Problem details: Each image should be skipped while the records are restated word for word.

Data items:
»»

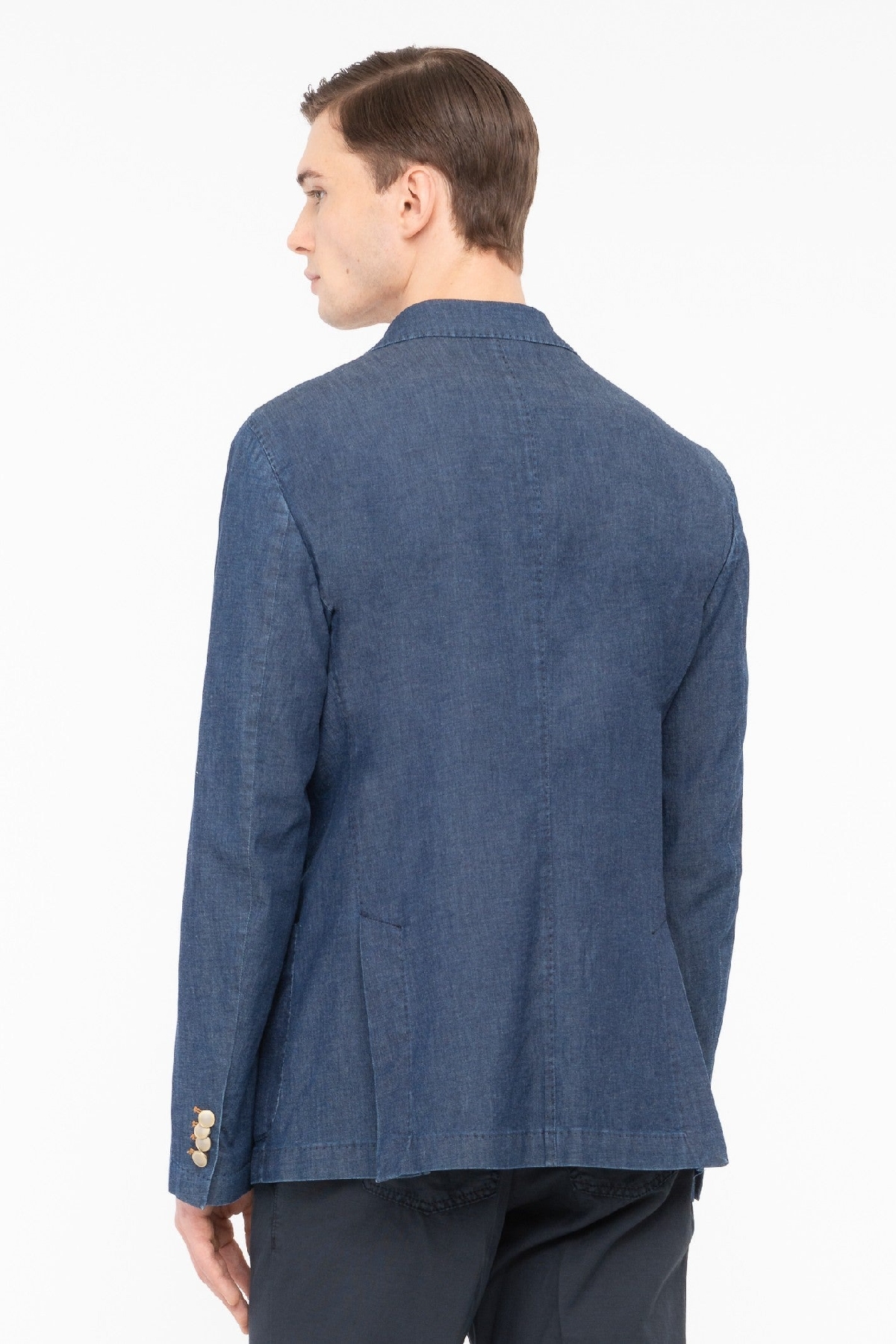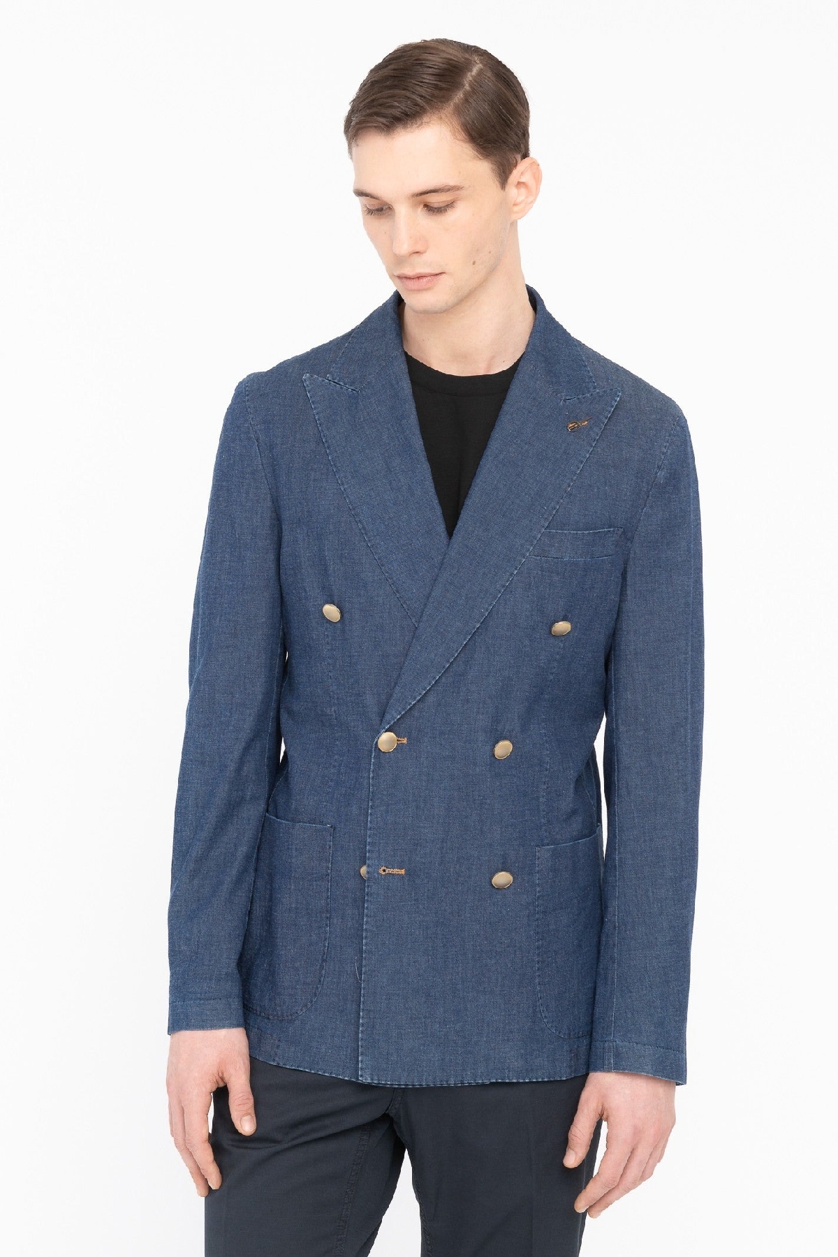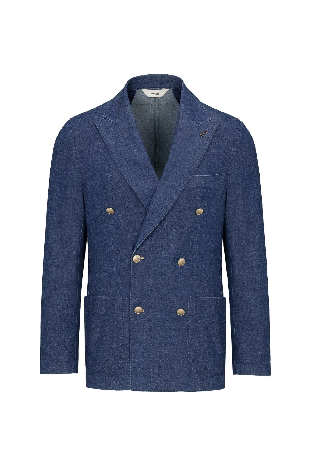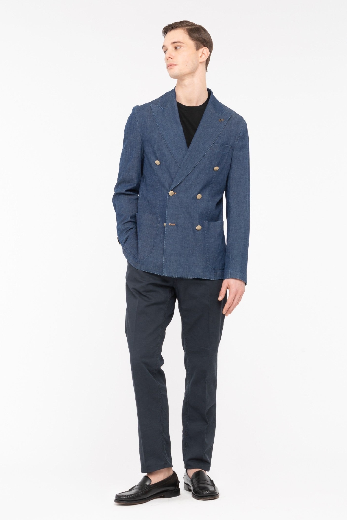 Giacca doppiopetto sfoderata lavata, chiusura con bottoni metallo, ampio rever a lancia, due tasche a toppa un taschino frontali, quattro bottoni ai polsi, spacchi laterali sul retro, finiture con impunture. Chambray di cotone stretch. Composizione:97% cotone 3% elastane
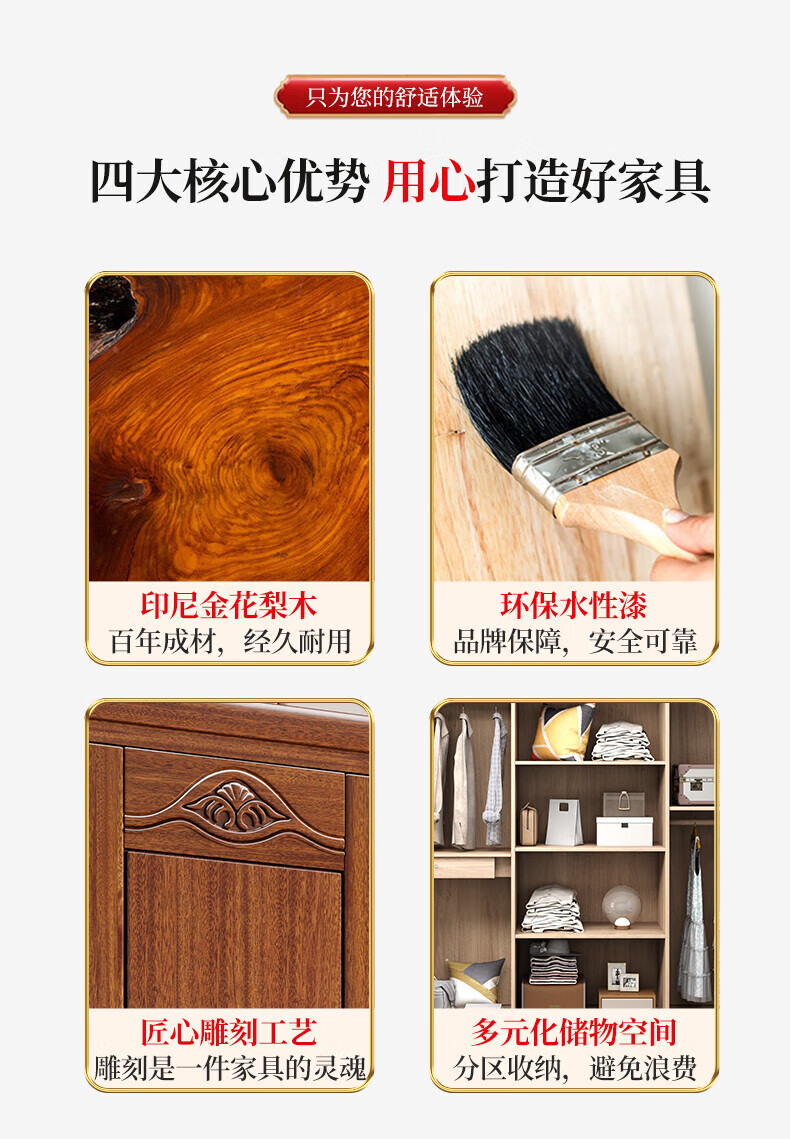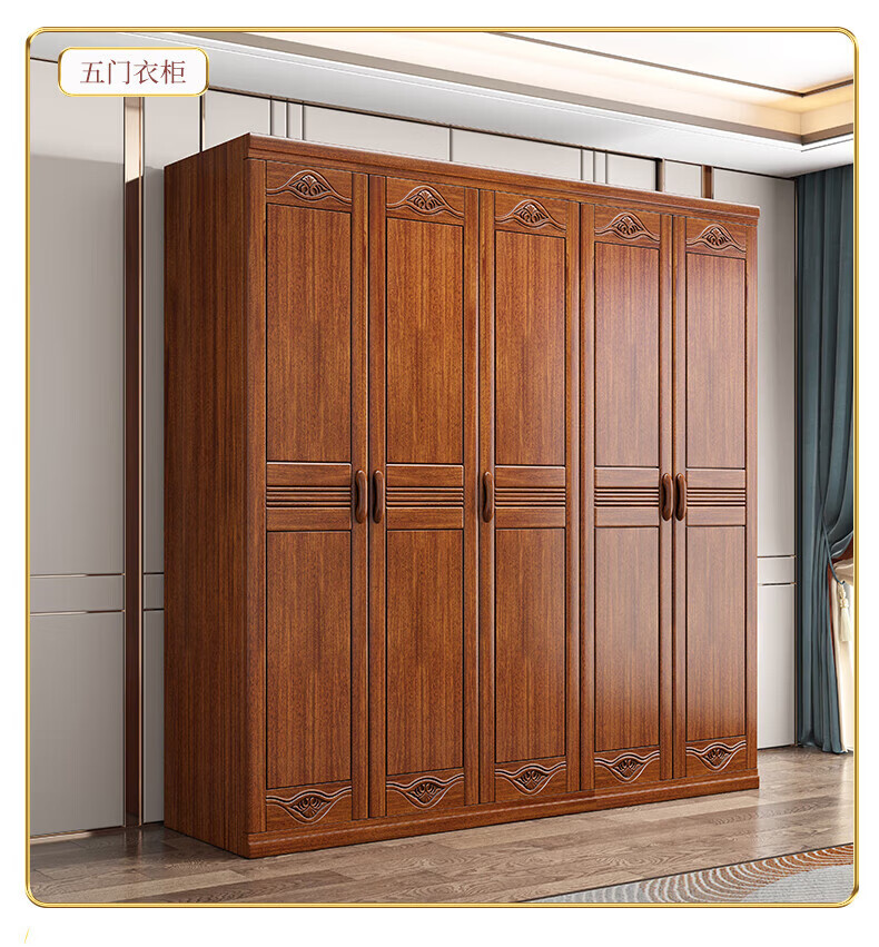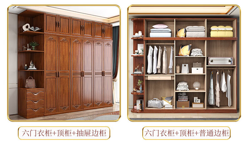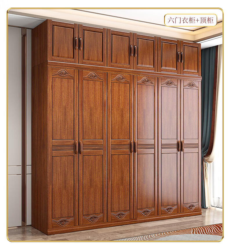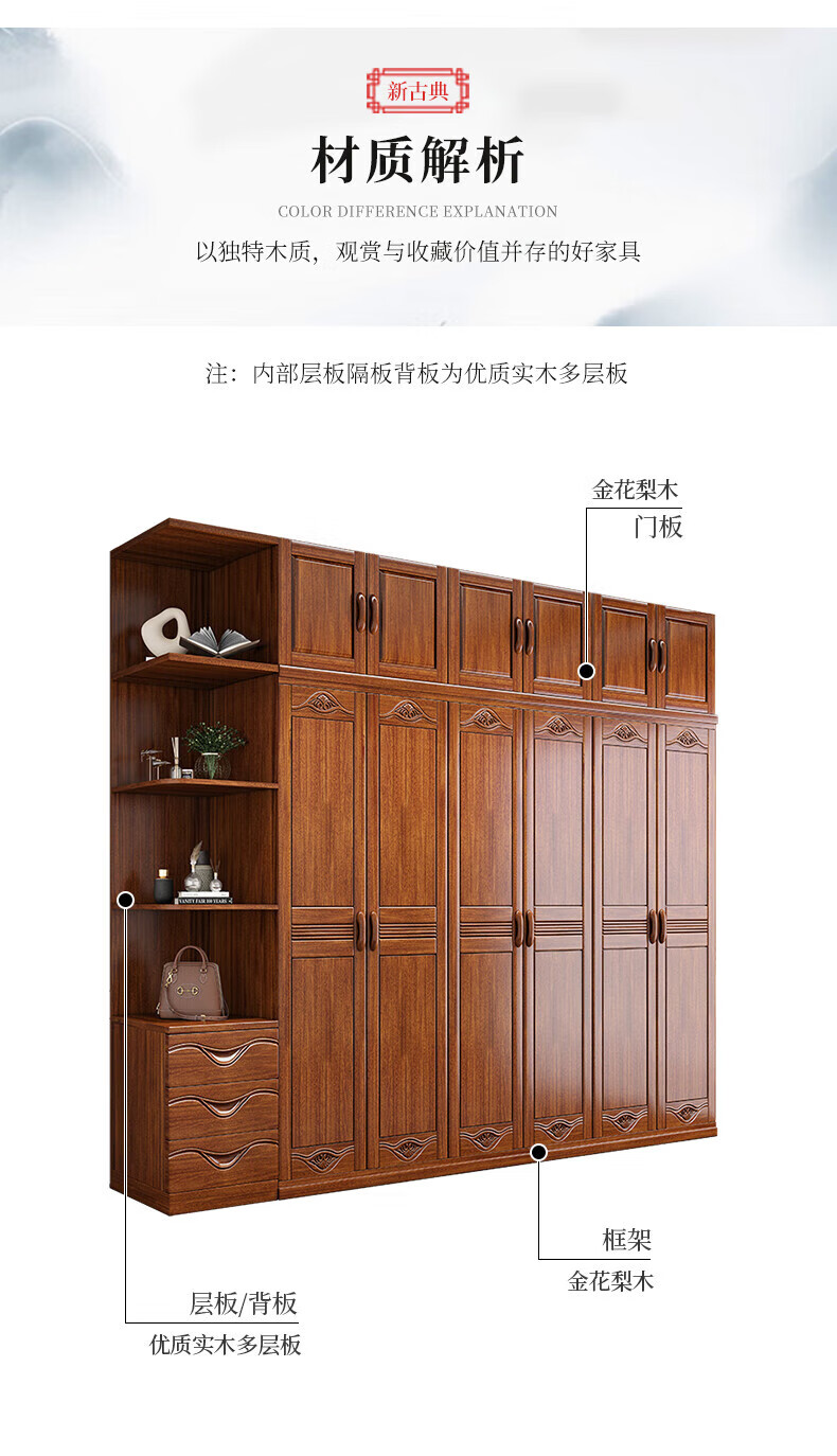Nanyi Wardrobe Chinese Golden Rosewood Home Bedroom Wardrobe Storage Cabinet Side Cabinet with Top Cabinet Solid Wood Wardrobe Z8611 Six-Door Wardrobe Golden Rosewood
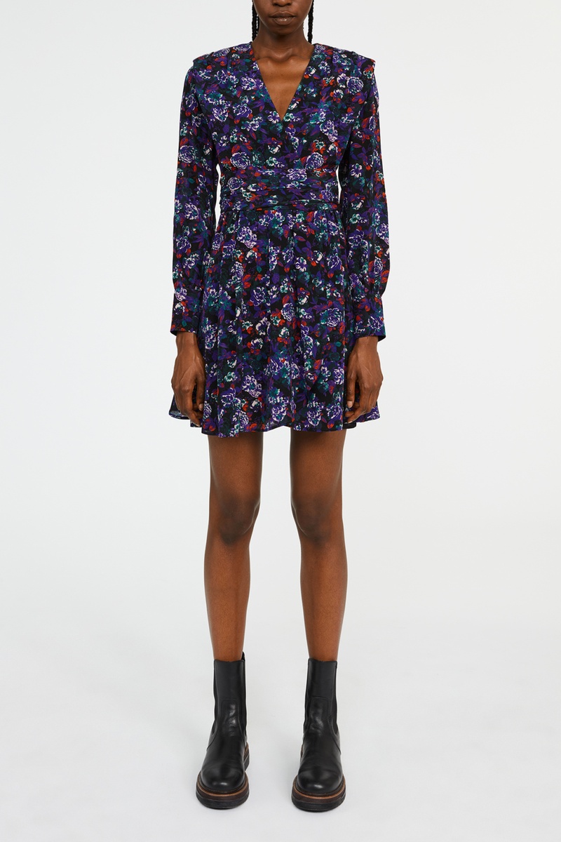 Vestido estilo patinadora em seda - Preto e violeta
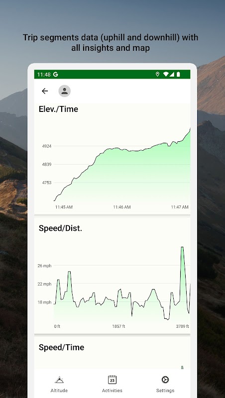 📉 نمودارها و نمودارهای روشنگر: عملکرد خود را با نمودارهایی تجسم کنید که ارتفاع در طول مسافت، سرعت در طول زمان و موارد دیگر را نشان می دهند.
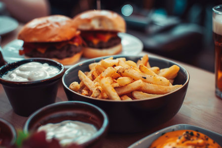Salted french fries with garlic sauce and ketchup and burgers on fast food restaurant table.AI Generative.

««

Output for this task:
 Giacca doppiopetto sfoderata lavata, chiusura con bottoni metallo, ampio rever a lancia, due tasche a toppa un taschino frontali, quattro bottoni ai polsi, spacchi laterali sul retro, finiture con impunture. Chambray di cotone stretch. Composizione:97% cotone 3% elastane
Nanyi Wardrobe Chinese Golden Rosewood Home Bedroom Wardrobe Storage Cabinet Side Cabinet with Top Cabinet Solid Wood Wardrobe Z8611 Six-Door Wardrobe Golden Rosewood
 Vestido estilo patinadora em seda - Preto e violeta
 📉 نمودارها و نمودارهای روشنگر: عملکرد خود را با نمودارهایی تجسم کنید که ارتفاع در طول مسافت، سرعت در طول زمان و موارد دیگر را نشان می دهند.
Salted french fries with garlic sauce and ketchup and burgers on fast food restaurant table.AI Generative.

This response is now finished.